Autumn Residency 2012

Artists in Residence, 2012

Pictured clockwise from top left are a video still from Montaña en Sombra by Lois Patiño, ping pong setup by Susie Tarnowicz, Homemade Flotation Device by Colin Matthes and Dead FriendZ by Marc Horowitz.

Lois Patino

I am a filmmaker and artist with a background in psychology studies. My video works move in the borderland between video art, documentary and experimental film. My main interest lies in the study of the processes of identity and consciousness. This initially led to studying psychopathologies where identity is destroyed and replaced, or to reflections on death and memory loss, where the self disappears. In recent years my attention has focused on the perception and the notion of landscape, with a special attention towards the environmental influence of human development.
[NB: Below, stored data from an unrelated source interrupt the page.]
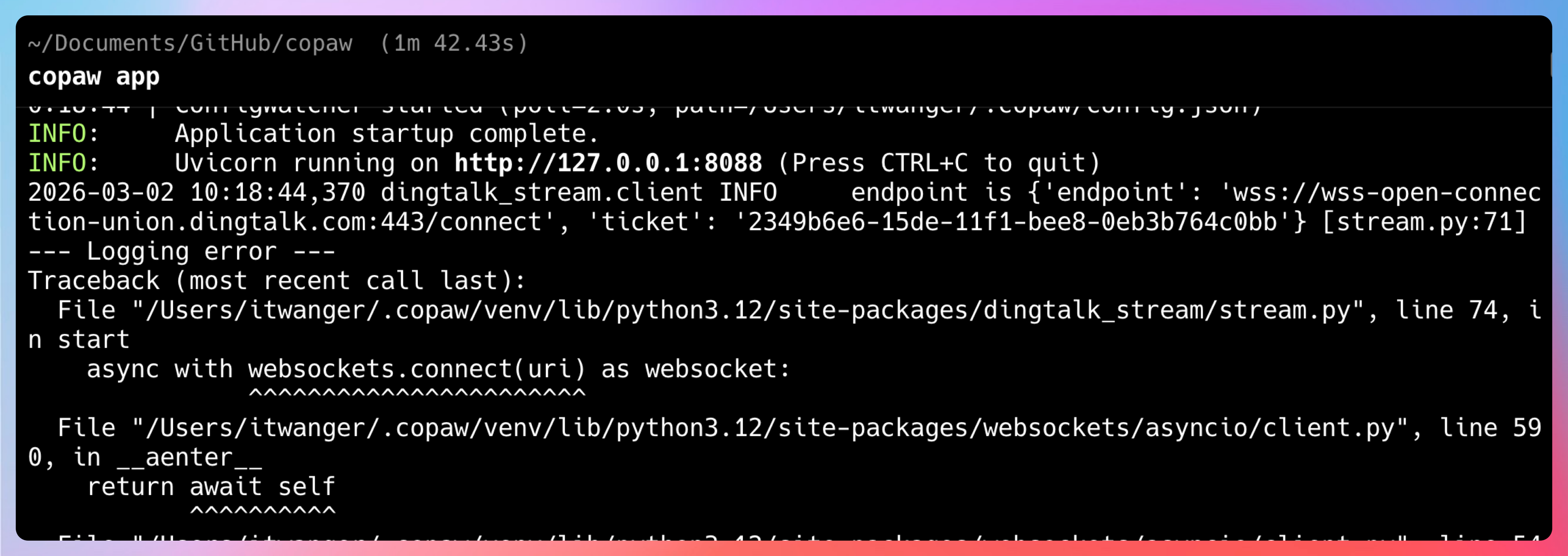 - 基于 CoPaw 框架,配置并部署了本地 Agent 服务,实现钉钉机器人接入,支持自然语言交互和多轮对话记忆功能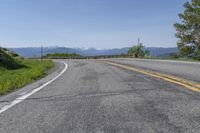 A scenic drive along a straight road in Colorado, USA. Surrounded by majestic mountains and lush vegetation, the road surface is smooth asphalt. Clear sky and a guard rail provide a safe and picturesque journey.
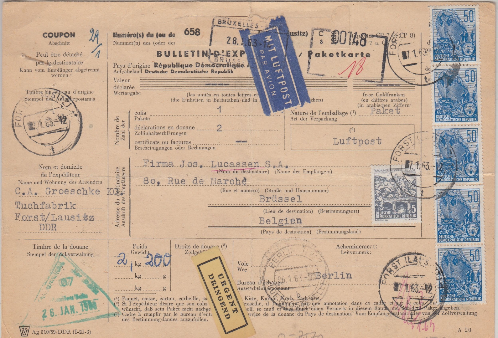 gelaufen n. Brüssel - Formular senkr. Mittelbug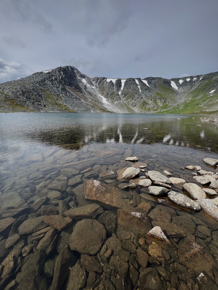 - Озеро Большое Балбанты, укутанное уютными облаками, в сумерках.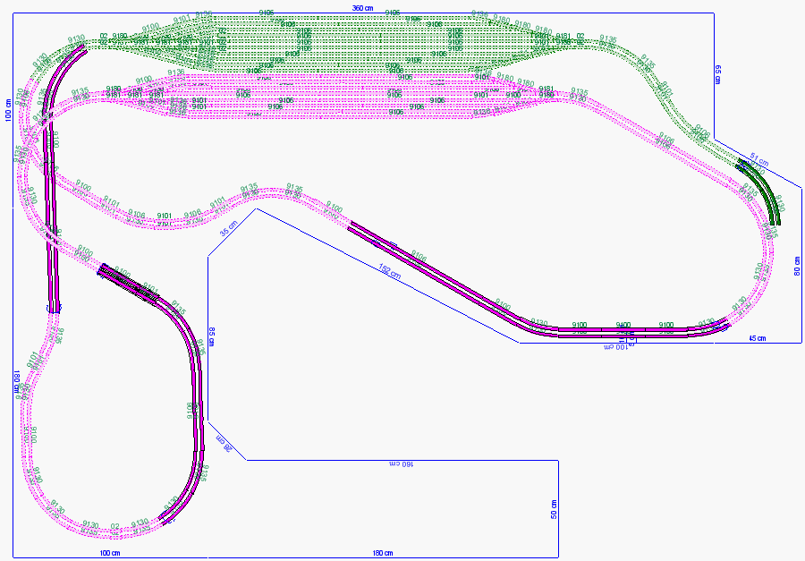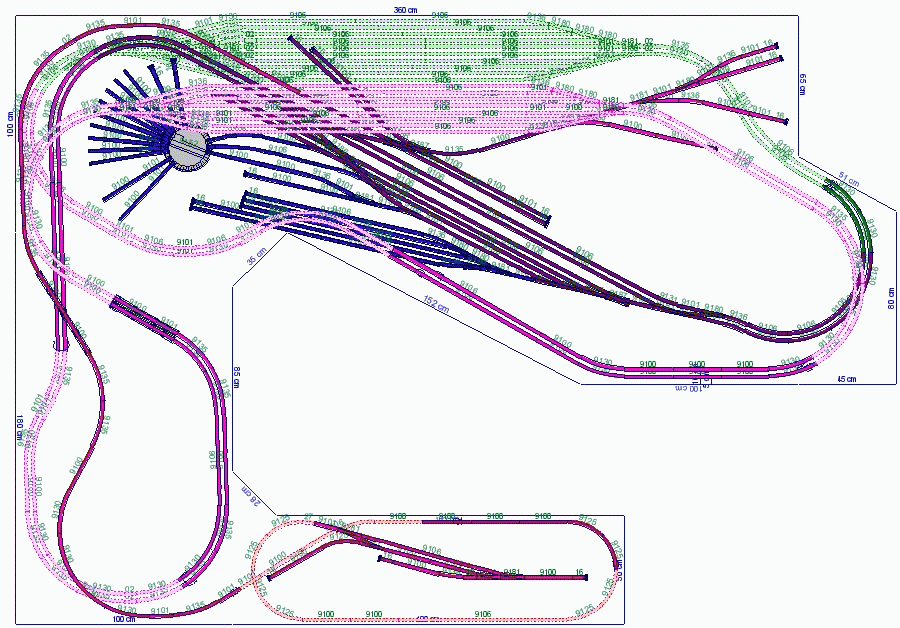 ... ich würde den grünen SBF weglassen und als Doppelspur anstelle des jetzigen rosa SBF verlegen. Dafür könnte der jetzige rosa SBF erweitert werden und an die tiefer liegende Stelle des ehemaligen grünen SBF rücken. Du hast dann mehr Bewegungsfreiheit falls mal was aufzugleisen ist.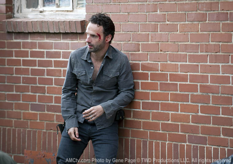 Rick proves his alpha status by tempting a zombie with his own blood and killing it with his knife.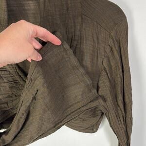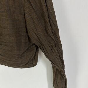 Gently Used Free People FP One Cropped Long Sleeve Top. This is a women's small. Green / brown color throughout. Collar. Lightweight and breezy. 67% cotton, 33% viscose.

This view carries an animistic conception of nature with a main interest in the contemplation and pursuit of the sublime. Along this way around the study of perception, consciousness and image, the discovery of the philosopher Henri Bergson and especially his concept of dureé (“duration”) has been decisive. Stating that during a very intense experience, external time stops while the internal time of our introspective experience expands in our mind. I have most recently been working around this idea of altered time and space.

loispatino.com

Susie Tarnowicz

l have constructed what I need, and what I don’t know. There are currently no walls in this project: there are panels stacked and stored and moved around to make space for us. My experiences in farming, agriculture and teaching have built shapes for me to work with as an artist. Painting, to me, is a valuable practical tool and a space to tacitly merge dimensions visually, physically, and conceptually. It is a practice and a medium that necessitates the presence of both spiritual and physical contact in the creation of a space. Writing has become a textural, routine, supplementary component to my work. I am interested in the human set-up and its natural attachment to painting, and I have found that in order to investigate this fully, I must make my work in a rural environment where experience and relationships are rooted in primal detail and instinct.

susietarnowicz.com

Susie Tarnowicz, ping pong table, 2012

Colin Matthes

The things I make are perverted ideas of real solutions…but I am obsessed with problem solving and why some things are attended to and others are not… These inventions may not be about solutions, but about questions, about seeing things to be done and saying let me do it, about wondering if irony still has a place in a world of unmanned drones, spray on tans, and reality television. Concerning my practice with ‘invention’ allows me to make work that addresses economic and environmental crisis from a funny, critical, fatalistic, and industrious point of view. Within these works the viewer will find advertising, questionable science, obsessiveness, paranoid ramblings, and genuine concern laced in humor. By making I find my own version of beauty, of defiance, of Do-It-Yourself resourcefulness.

ideasinpictures.org

Colin Matthes, Moving On, 2012

Marc Horowitz

I am many things: a virtual cross country explorer, a comedic performance enthusiast, sheep shearer, social experimentalist, ex-shoplifter and one of People Magazine’s 50 most eligible bachelors. My projects engage in a dialog with a diverse range of subjects including entertainment, advertising, architectural environments, commerce and the quest for daily meaning. I am constantly making lists of potential inventions, neologisms, moneymaking schemes, jokes, drawings, websites, characters and impromptu videos. It is my hope that my work speaks to “the moment,” reflects and critiques American idealism, expansionism, and capitalism; that it might parody pop culture so successfully it becomes re-appropriated by it.